U.S. gov't drastically underestimated civilians killed by police, study shows
In 2015 police killed 1,166 — more than 3 per day — but gov't count missed majority of deaths
U.S. police killed 1,166 people — more than three a day — in 2015, but an official government count missed a majority of the deaths, a new study shows.
The Guardian, a U.K.-based newspaper and media company with U.S. and international editions, counted 93 percent of the U.S. police-related deaths, while the federal Centers for Disease Control and Prevention (CDC) statistics counted only 45 percent, the report in PLOS Medicine found.
If we as a society want to improve policing and have fewer deaths, we need better data about the circumstances of these deaths to improve training, policies and to hold police departments accountable.- Justin M. Feldman , Harvard T.H. Chan School of Public Health
"It is kind of absurd that a British newspaper is able to do a better job counting the number of killings by police than the CDC or the Department of Justice," said lead author Justin M. Feldman, a doctoral candidate at the Harvard T.H. Chan School of Public Health in Boston.
"If we as a society want to improve policing and have fewer deaths, we need better data about the circumstances of these deaths to improve training, policies and to hold police departments accountable," he said in a phone interview.
Feldman and his team matched police-related deaths reported in the Guardian's series "The Counted" to those reported in the CDC's National Vital Statistics System (NVSS).
Details omitted from death certificates
The government based its count on diagnosis codes in state death certificates indicating that "legal intervention" was involved in the death and has long been suspected of significant underreporting. The Guardian, which has suspended its count, drew on news stories and crowd-sourced information.
Researchers estimated that the Guardian missed 80 of the estimated 1,166 deaths and the CDC missed a majority of them: 643 police killings.
In most cases, official records appear to have omitted police killings because a medical examiner or coroner failed to mention law-enforcement involvement on the death certificate, Feldman said.
Police killings most likely to be missed were those by means other than firearms, particularly due to Taser shocks, and those outside the highest-income counties, the study found.
Deaths of children and blacks were more likely to be missed than to be reported in the official government count.
Some states were far more successful in capturing deaths at the hands of police than others. In Oklahoma, police killed 30 civilians in 2015, but none of those deaths was included in the federal government count, Feldman said.
Feldman proposed that states be required to report police-related deaths, like they're now required to report some communicable diseases, and that public health agencies employ local news reports, as the Guardian did, to properly classify and count law-enforcement deaths.

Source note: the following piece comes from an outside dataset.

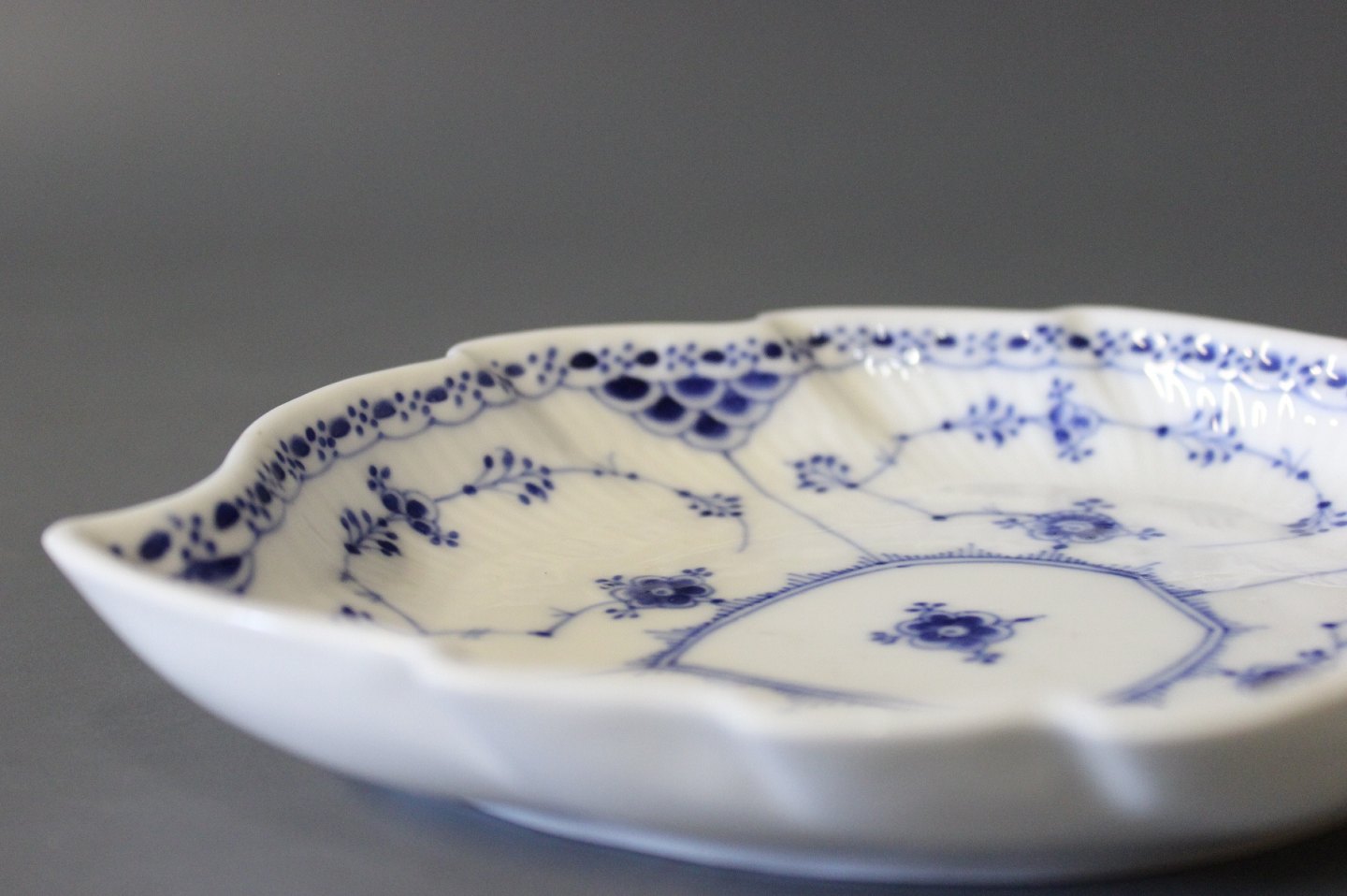 SoldRoyal Copenhagen blue fluted half lace leaf shaped dish, no.: 1/547.

The Federal Bureau of Investigation's Uniform Crime Reporting program requires U.S. law-enforcement agencies to report a host of incidents, but it does not require reporting of civilians killed in police interactions, said Cassandra Crifasi, a professor at Johns Hopkins Bloomberg School of Public Health's Center for Gun Policy and Research in Baltimore.
"There is mounting pressure to increase law-enforcement transparency and accountability. One necessary component to that is having an accurate count of the number of people killed by police," she said by email.
"Understanding the basic epidemiology of a problem is the first step toward identifying potential interventions and monitoring their effects," said Crifasi, who was not involved in the new research.
The study's senior author, Nancy Krieger, a professor at Harvard T.H. Chan School of Public Health, also called for better government data.
"As with any public health outcome or exposure, the only way to understand the magnitude of the problem, and whether it is getting better or worse, requires that data be uniformly, validly, and reliably obtained throughout the U.S.," she said in a news release.
"Our results show our country is falling short of accurately monitoring deaths due to law enforcement, and work is needed to remedy this problem," she said.